International System Safety Society
- Nickname: ISSS
- Formation: December 4, 1963
- Founder: Roger Lockwood
- Founded at: University of Southern California, Los Angeles
- Type: 501(c)(6) Nonprofit
- Headquarters: St. Paul, MN
- President: Pam Alte
- Executive Director: Lee Helgen
- Website: www.system-safety.org
- Formerly called: Aerospace System Safety Society

= International System Safety Society =

The International System Safety Society (ISSS) is a non-profit professional organization for system safety engineers. ISSS was established in 1963 to support the development of system safety as a distinct engineering discipline.

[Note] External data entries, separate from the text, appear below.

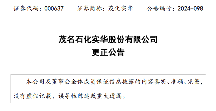 12月27日晚间,茂化实华发布公告披露,由于工作疏忽,导致谢中梁的信息披露与实际情况不一致。实际上,谢中梁早在2021年12月23日就已经受到了陕西证监局的警示函措施。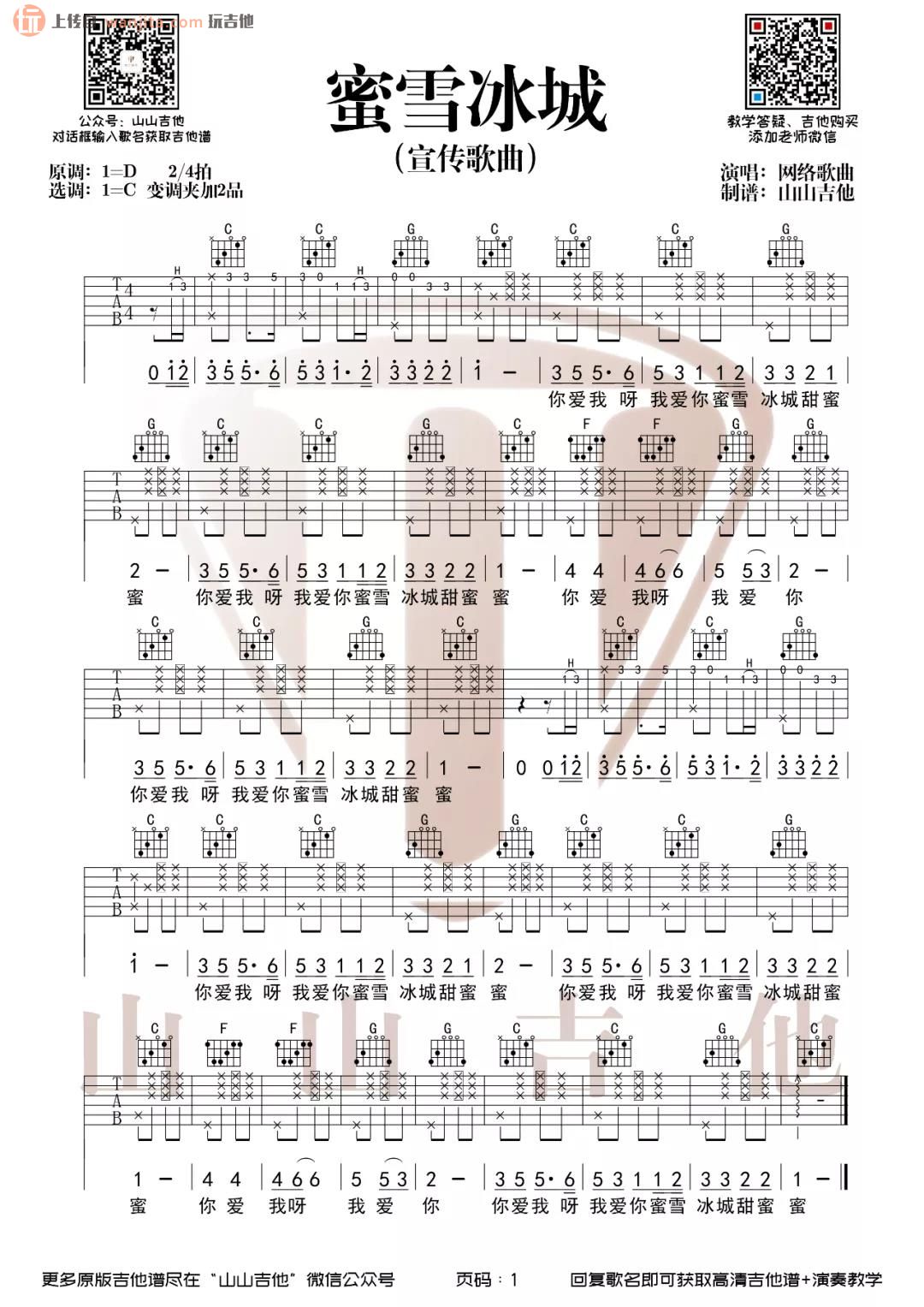 曲谱介绍: 这首曲谱由山山吉他编配制谱,原调D调,选用C调指法编配,变调夹夹2品,包含完整的前奏,弹唱主要以拍弦核心的节奏,整体来说还是十分好上手弹唱的,感兴趣的朋友可以参考演示视频。 《蜜雪冰城甜蜜蜜》吉他弹唱演示视频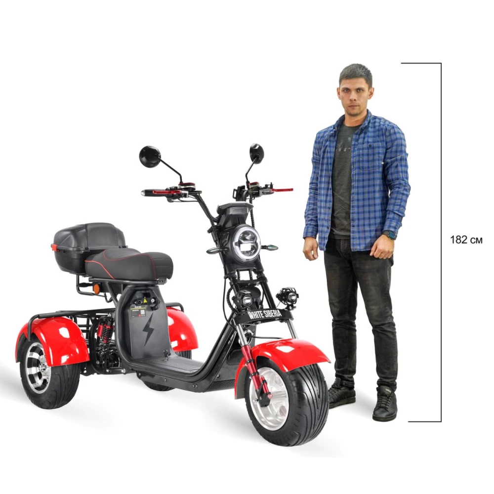 Трехколесный электроскутер CityCoco WHITE SIBERIA pro 3000W TRIKE+ красный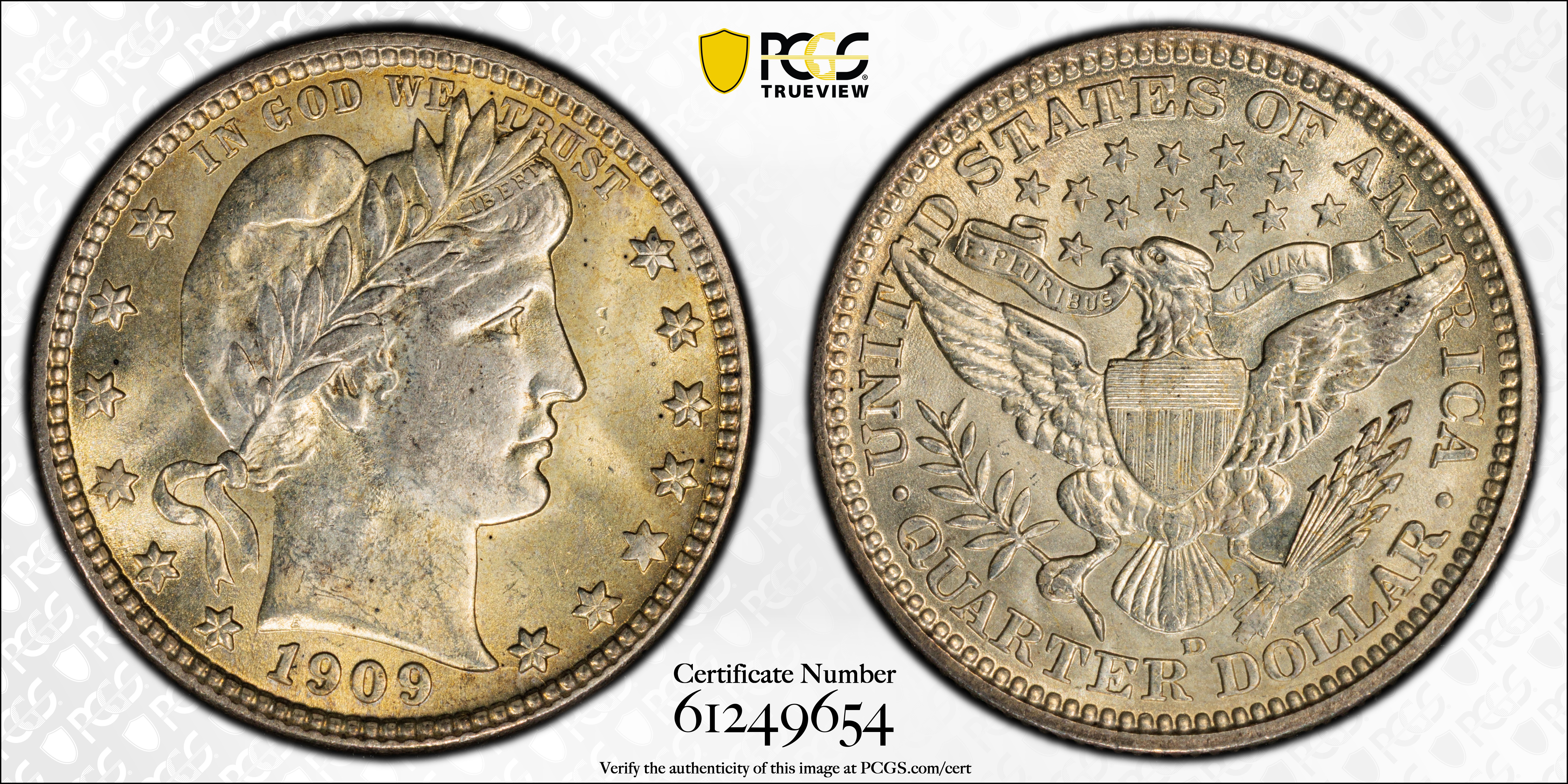1909-D 25C MS63 Certification #61249654, PCGS #5654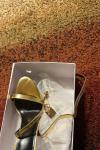 レビュー: レディース アンクル ストラップ スティレットヒール サンダル ゴールド プロムシューズ ロック付き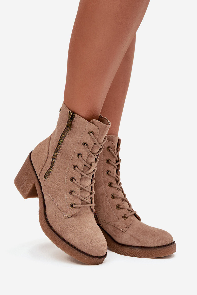 Pašiltinti moteriški smėlio spalvos aulinukai su raišteliu ir užtrauktukais Paressa

ISSS has local chapters in several states across the United States, as well as in Singapore and Canada. The society currently has members from over 25 countries across the world.

== History ==
The event recognized as the founding of the Society occurred on December 4, 1963, in the main lecture hall at the School of Aviation Safety on the University of Southern California campus in Los Angeles. The gathering consisted of about 40 individuals, including many students and others from the USAF Aerospace Safety Center, some USC faculty members, along with system safety representatives of the numerous aerospace companies located in the area.

== Events ==
Since the first event in 1972, the society has sponsored the annual International System Safety Conference. The society also sponsors annual member awards which are presented at the annual awards banquet during the International System Safety Conference. In addition, the society and local chapters organize webinars and symposia for society members.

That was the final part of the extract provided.